Ich weiß nur, dass die Bundeswehr ihr Soldatenprogramm ausschließlich über UKW und Digital verbreitet. Ob die Mittelwellensender betrieben werden, keine Ahnung.
 
Eine nicht ausführliche Recherche ergab: Nein, keine MW-Sender mehr. Zu Wartungsintensiv und viel zu leicht zu orten und zu zerstören. Statt Bahnwaggons mit MW-Sendeanlage setzt die Bundeswehr auf UKW-Sender in normalen 20-Fuss-Containern, die per LKW oder Flugzeug verlegt werden können.
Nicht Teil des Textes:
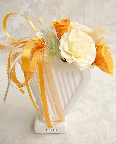 ハープの美しい音色イエローカクテル ハープの形をした白い陶器に 明るい黄色のバラをアレンジしました 音楽の演奏会の記念やお祝い 発表会・ベビーギフトに人気です♪ ご相談いただければお花の色違いもお作りできます ホワイトデー・フラワーバレンタインデー・誕生日・バースデー・母の日・敬老の日など各種ギフトに♪

Viel zu leicht zu orten und zu zerstören gilt natürlich auch für normale MW-Sender. Für den Kriegsfall wären die also heutzutage nicht mehr geeignet, da sofort zerstört. Für den Katastophenfall evtl. - wenn es genug Strom dafür gäbe.
 
Im Notfall könnte man ja auch ganz viele umgebaute Amateufunkanlagen zusammenschalten und an eine Reusenantenne Speisen. Im Notfall ist der BnetzA auch Egal, auf welcher Frequenz wo wann und mit welcher Leistung gesendet wird
 
Es gibt beim THW 'Mastkraftwagen', damit kann man ca. 40m Plattformhöhe erreichen. Teilweise sind auch mobile Sendemasten ds ehemaligen Telekom-Katastrophenschutzes ans THW übergeben worden. AM Modulation findet da aber nicht statt.
 
Das heißt also das das Zeitzeichen auch via DRM übertragen wird
Nein. Das heißt nur, daß Du im Video einen (nicht nur) DRM-Empfänger in Australien siehst.
DCF77 sendet nur in AM und zusätzlich seit 1983 in einer digitalen Phasenmodulation BPSK (jedoch wesentlich einfacher als DRM, im Einträger-Verfahren). Letztere liefert die Zeit deutlich genauer als AM.